Lesson 17: Enduring the pain of ている and てある

This brings us to ている and てある, which use いる/ある as auxiliary verbs. ている indicates an enduring action/state. For most verbs, this means progressive or continuous (enduring action), but for others, it means the complete state of the action remains (enduring state). The second kind of verb is usually "intransitive", meaning that they cannot normally accept a direct object, like 死ぬ "die".

食べている I'm eating. (enduring action)

死んでいる He's dead. (enduring state)

The い in ている can be dropped. This is normal but not formal.

食べてる I'm eating.

てある is about something being in an enduring state resulting from an action. It's important to remember that てある expresses a state, not an action.

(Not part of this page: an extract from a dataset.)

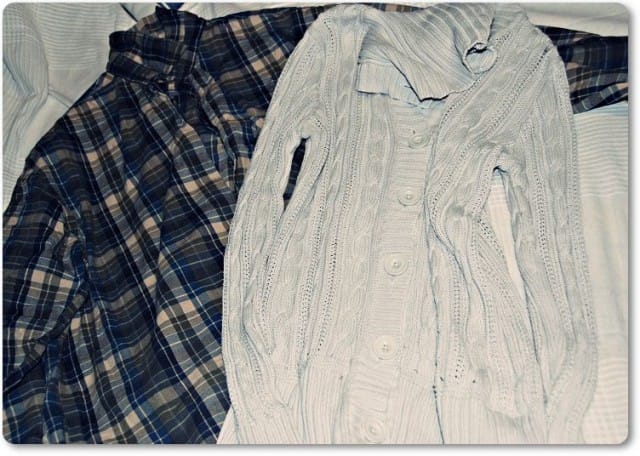 Sukelsin jälleen lumppulaatikkoon josta kaivoin kaksi vanhaa paitaa. Toinen miesten flanellipaita ja toinen naisten puuvillaneule. Molemmat parhaat päivänsä nähneitä. Ensin pesua ja nukanpoistoa flanellista, puuvillaneule oli vain harmaa, enkä sitä…

ケーキ作ってあるよ The cake's done! (Someone has made the cake.)

てある takes the direct object and treats it as a subject. This means that the verb's normal "logical object" is usually marked with が or は or unmarked, like the cake in the example above. But because japanese is linguistically weird, sometimes を is used, too. You can think of using を here like taking the entire phrase " <thing>を作る" and conjugating that phrase with てある.

Finally, it expresses a state, not an action, so てある is not "the passive". Japanese has a real passive that we'll cover soon.

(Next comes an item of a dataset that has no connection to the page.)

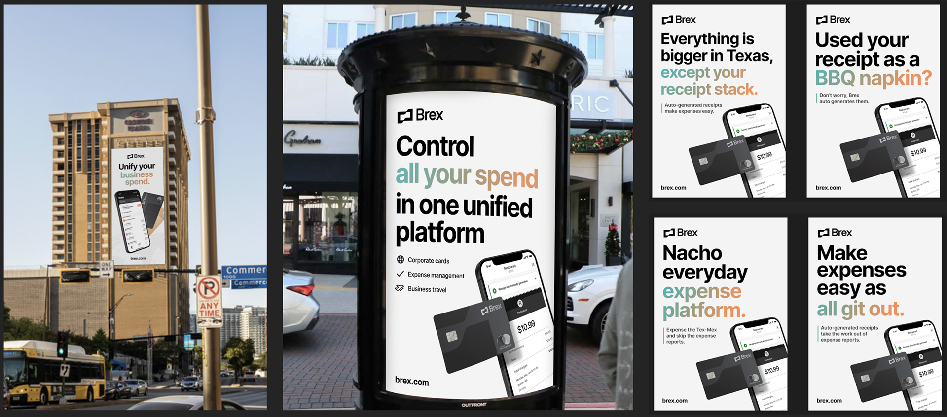 Brex, a financial services company for startups, does tons of out of home placements. I contextualized a few sets of these for specific locations, like Las Vegas, Dallas, Seattle, and Boston. The Boston units were noticed by the Boston Celtics, who loved them so much they made Brex their official corporate card partner. Score!.

Normally, intransitive verbs plus ている act alike transitive verbs plus てある, aside from using the logical subject instead of the logical object. This is what "enduring state" means for ている.

ている only shows up for い-adjectives when the い-adjective is the end of a verb phrase, like 食べないでいる. This is the て "form" of the verb phrase 食べない. You can't do this with い-adjectives on their own.

Something like なくている is nonsensical because the くて form of い-adjectives is always a conjunction, never a way to string words together. Remember not to confuse the words "conjugation" and "conjunction".